Quest’anno la giornata del Ricordo non deve passare inosservata.
Nonostante vi sia una legge emanata dal parlamento che impone alle istituzioni di promuovere iniziative in tal senso nelle scuole, nei consessi amministrativi, nelle associazioni, nei luoghi di cultura e socialità non sono ancora sufficienti i “ minuto di silenzio”, bisogna parlare, spiegare e soprattutto ricordare.
Sembra però che il ricordo sia una cosa più complicata di quanto qualcuno possa immaginare. Non basta istituire una giornata ad hoc per riattivare una memoria interrotta, se non si va a spiegare e capire le ragioni di quella interruzione.
Il ricordo vero è un’altra cosa e la classe intellettual-mediatica italiana si guarda bene dall’accostarvisi, in quanto è, purtroppo, l’erede spirituale di chi infoibò, torturò, stuprò, cacciò i nostri connazionali, di chi non li fece scendere alle stazioni ferroviarie a cui giungevano dall’esodo, di chi gettava il latte destinato ai neonati affamati in terra, con gesto di scherno e sadismo, di chi ha imposto che per anni sulle foibe cadesse un velo di vergognoso silenzio.
Questi personaggi sono quelli che oggi si atteggiano a campioni di accoglienza dei profughi e sedicenti tali, nascondendo dietro al proprio falso buonismo lo stesso sentimento di odio anti-nazionale che hanno avuto contro gli esuli di Istria, Fiume e Dalmazia.

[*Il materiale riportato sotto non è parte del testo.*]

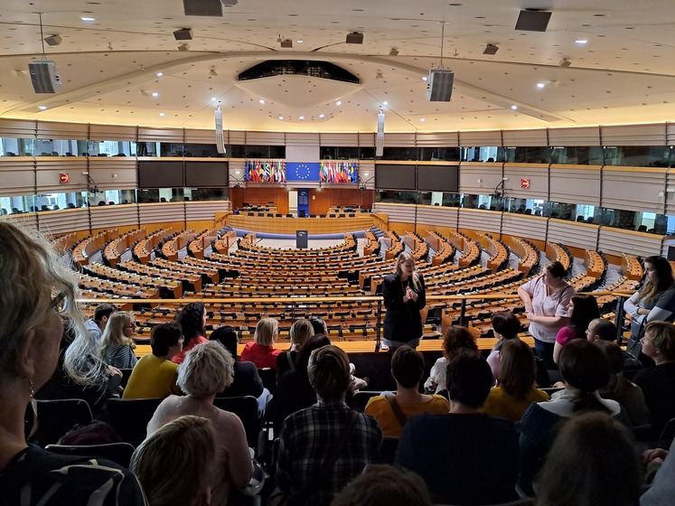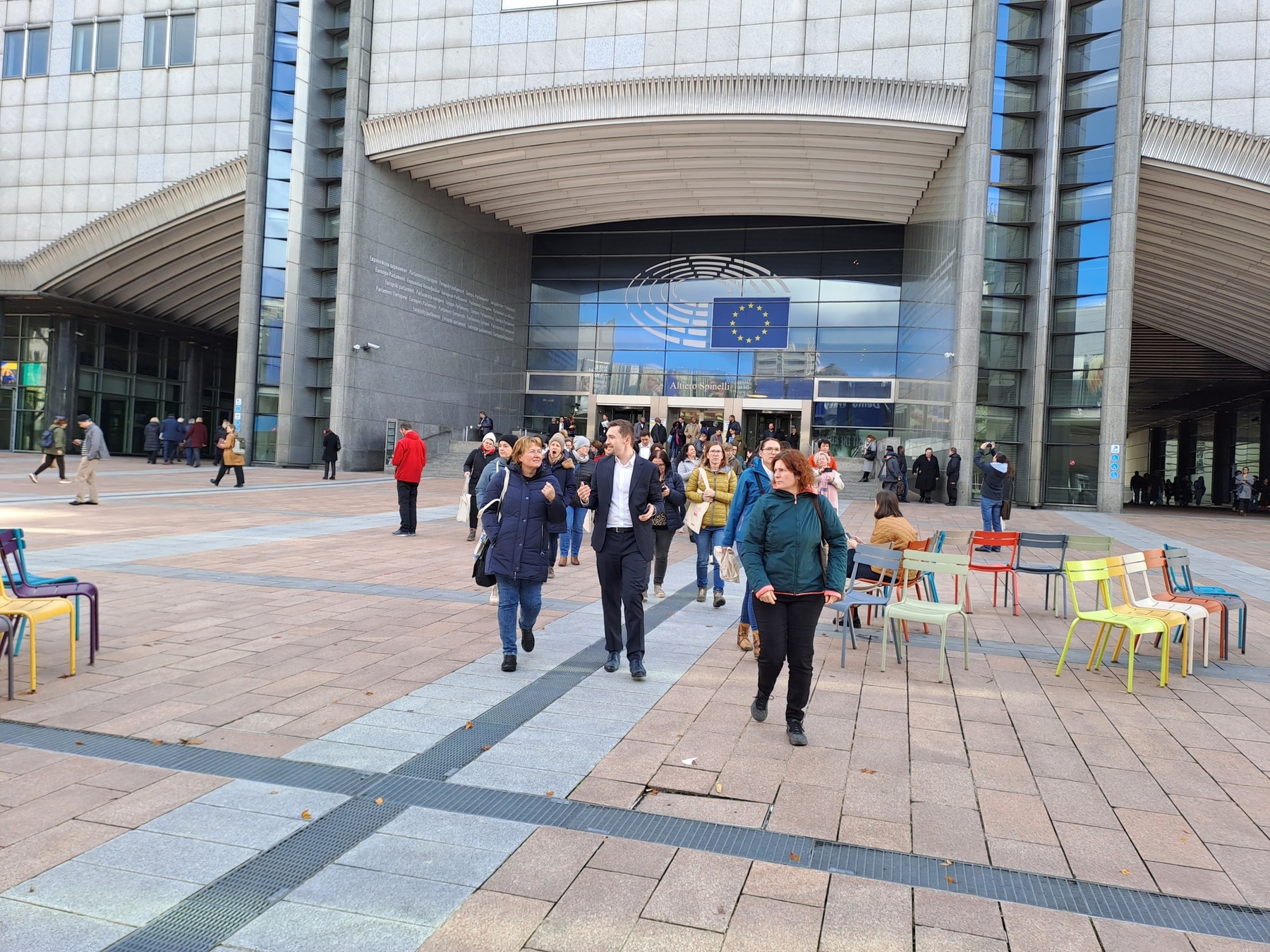 Der Besuch im Haus der Europäischen Geschichte, einem Projekt des Europäischen Parlaments, zeigte der Bäuerinnen-Gruppe den europäischen Blickwinkel auf internationale Ereignisse auf. Das Museum bewahrt einende und entzweiende Erinnerungen, es trägt die Geschichte des europäischen Aufbauwerks und seiner Grundsteine zusammen und stellt sie aus.

Questi nostri fratelli e connazionali non meritavano, per loro, l’accoglienza in quanto scappavano da un regime comunista, quindi, dal loro mondo perfetto, pertanto erano, semplicemente e sicuramente dei nazionalisti convinti che non meritavano compassione.
E’ questo che si sbaglia, solitamente, quando si parla di Foibe, molti ne fanno una questione politica, molti affermano che fu una “risposta” al fascismo. Non fu nulla di tutto ciò. Fù puro e semplice odio anti-italiano, odio etnico, non politico, tremenda pulizia etnica per giustificare, tra l’altro il furto di un territorio da sempre Italiano.
Così dopo aver lasciato per anni il ricordo in mano a un pugno di patrioti solitari e di esuli abbandonati al loro destino, che hanno tenuto viva la memoria per anni in mezzo all’indifferenza complice, oggi lor signori accusano quei pochi di aver strumentalizzato la storia.
Non scordiamo, del resto, che poco tempo fa una mediocre persona, paracadutata nella notorietà mediatica per non ben precisati meriti lanciò il tormentone “E allora le foibe?” (cosa semplicemente inconcepibile in relazione a ogni altra grande tragedia del Novecento) come a sottolineare che chi ha a cuore il martirio delle terre del confine orientale è forse troppo invadente, insistente, petulante, dovrebbe darsi una calmata.
Come se di foibe si parlasse in continuazione, come se l’argomento avesse ormai stancato, fosse un fatto assodato, come se non se ne potesse più. E forse, per alcuni, è così. Perché le foibe ricordano la loro eterna colpa e quindi quel nome è per loro insopportabile. Un motivo in più per continuare a pronunciarlo: e allora le foibe?
Per questi motivi che mettiamo tutto l’impegno a tener viva la memoria ed il ricordo, perché di Foibe e di Esodo si deve continuare a parlare per il rispetto e per non dimenticare mai chi ha versato il proprio sangue per il solo fatto di essere Italiano, Italiano due volte per nascita e per scelta.